The reviewer comment: I recommend these results to be confirmed in larger mice samples with more comparable n numbers.
Our response: We concur with the reviewer's recommendation. While we acknowledge that such experiments would likely enhance the robustness of the study, unfortunately, performing these additional experiments is not feasible within the time scope of this revision.
Additional comments:
The reviewer comments: no studies are presented to demonstrate that the observed therapeutic effects of enzalutamide and bicalutamide are really due to AR inhibition. This should be done at least in vitro, ideally in vivo - It is not clear whether the AR pathway is active in U87 and ZH-161 cell lines
Our response: These two issues were addressed in our previous publications: Zalcman N, et al., Oncotarget. 2018 Apr 13;9(28):19980-19993 and Zalcman N, et al., Int J Mol Sci. 2021 Oct 11;22(20).
The reviewer comment: there is no precision on the mice sex in the treatment studies: male or females? Although we don’t see any differences in AR expression between male and female GBM tissue, as the ligands (testosterone and DHT) are at different levels, this might be an issue that could play a role in treatment sensitivity
Our response: Thank you for your valuable comment. The sex of the mice (male) has been included in the Material and Methods section (page 12, line 380).
Round 2
Reviewer 2 Report
Comments and Suggestions for AuthorsAlthough the differences in n number between treatment groups are still a methodological problem to me, at least the n numbers are clearly indicated in the graphs which makes this information obvious to the reader. I still insist however that the two Xtandi studies be presented in two separate graphs and cannot be pooled together, because, as the authors point out in their response to reviews, different experiments carry variability due mice lots and cell line batch effects.
Author Response
the reviewer's comment: Although the differences in n number between treatment groups are still a methodological problem to me, at least the n numbers are clearly indicated in the graphs which makes this information obvious to the reader. I still insist however that the two Xtandi studies be presented in two separate graphs and cannot be pooled together, because, as the authors point out in their response to reviews, different experiments carry variability due mice lots and cell line batch effects.
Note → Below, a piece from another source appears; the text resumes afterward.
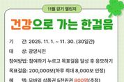 한방통신사 신다은기자 기자 | 광양시는 지역 주민의 건강생활 실천을 돕기 위해 11월 1일부터 30일까지 모바일 걷기 앱 '워크온'에서 ‘건강으로 가는 한걸음 11월 걷기 챌린지’를 운영한다고 밝혔다. 이번 걷기 챌린지는 1걸음당 1마일리지가 적립되며, 1일 최대 8천 마일리지가 누적된다. 기간 중 20만 보를 달성하면 20만 마일리지가 쌓여 모바일상품권(5천 원권) 응모가 가능하다. 시는 목표 걸음을 달성한 참여자 중 추첨을 통해 800명에게 상품권을 지급할 예정이다. 참여를 희망하는 시민은 모바일 걷기 앱 ‘워크온’을 설치하고 ‘광양시 공식 커뮤니티’에 가입한 뒤, 챌린지 탭에서 광양시 걷기 챌린지 참여하기를 누르고 목표 마일리지가 쌓일 때까지 스마트폰을 소지하고 걸으면 된다. 광양 지역 제한이 설정되어 있어 참여 시 휴대폰 위치 설정을 반드시 켜야 하며, 자세한 사항은 광양시보건소로 문의하면 된다. 반미순 건강증진과장은 “걷기는 체력 증진은 물론 스트레스 해소에도 큰 도움이 된다”며 “걷기 좋은 계절인 가을, 시민 여러분의 많은 참여를 바란다”고 말했다.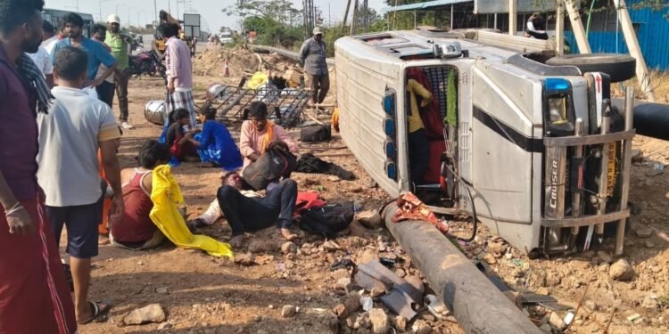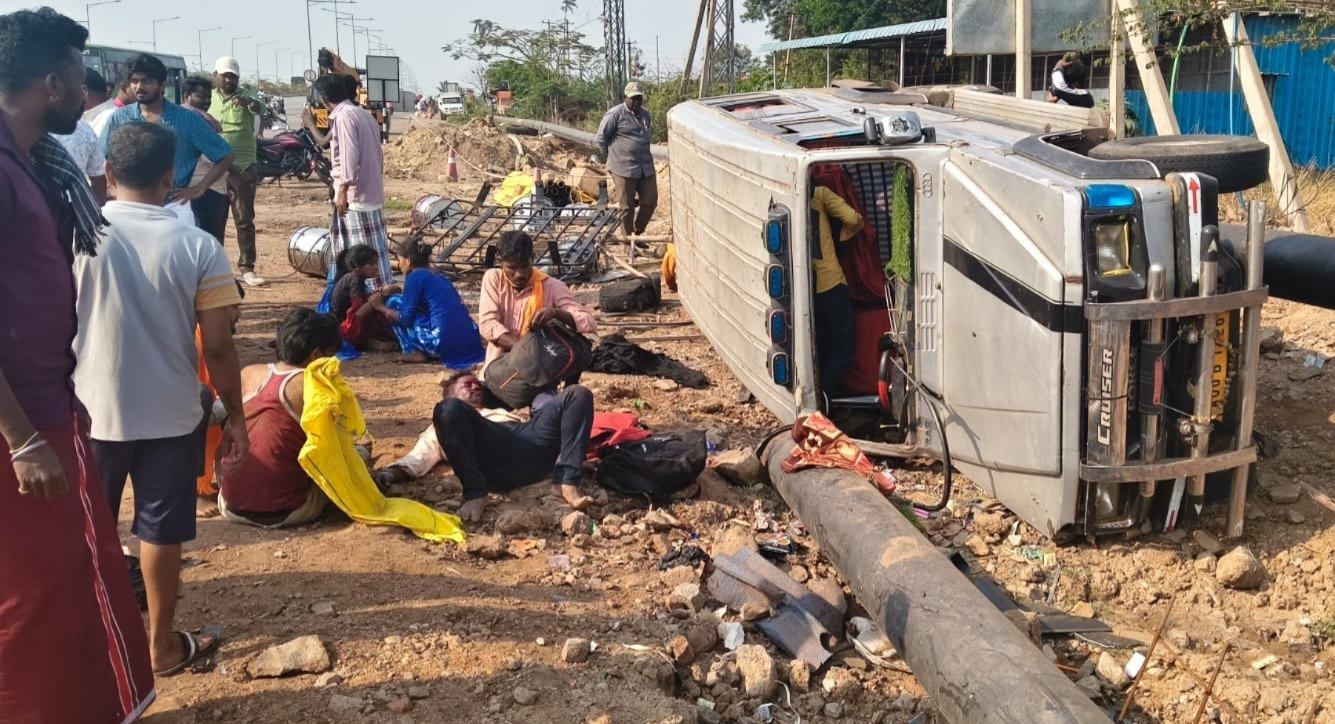 ವಿಜಯನಗರ : ಚಾಲಕನ ನಿಯಂತ್ರಣ ತಪ್ಪಿ ಕ್ರೂಸರ್ ಏಕಾಏಕಿ ಪಲ್ಟಿಯಾದ ಪರಿಣಾಮ ಮೂವರು ಮಕ್ಕಳು ಸೇರಿ 9 ಜನರಿಗೆ ಗಂಭೀರ ಗಾಯವಾಗಿರುವ ಘಟನೆ ವಿಜಯನಗರ ಜಿಲ್ಲೆಯ ಹೊಸಪೇಟೆ ತಾಲೂಕಿನ ಮರಿಯಮ್ಮನಹಳ್ಳಿ ಪಟ್ಟಣದ ಹೊರವಲಯದ ರಾಷ್ಟ್ರೀಯ ಹೆದ್ದಾರಿ 50ರಲ್ಲಿ ನಡೆದಿದೆ.

Our response: We appreciate the reviewer's thorough examination of our manuscript. In response to the reviewer's suggestion, we have plotted the two Xtandi studies separately, presenting them in two distinct graphs within Supplementary Figure 1. This adjustment allows for a clearer representation of the data while addressing concerns related to potential variability arising from different experiments. We have explicitly referenced this supplementary figure in the Results section (lines 83-91) to ensure that readers are directed to the relevant information.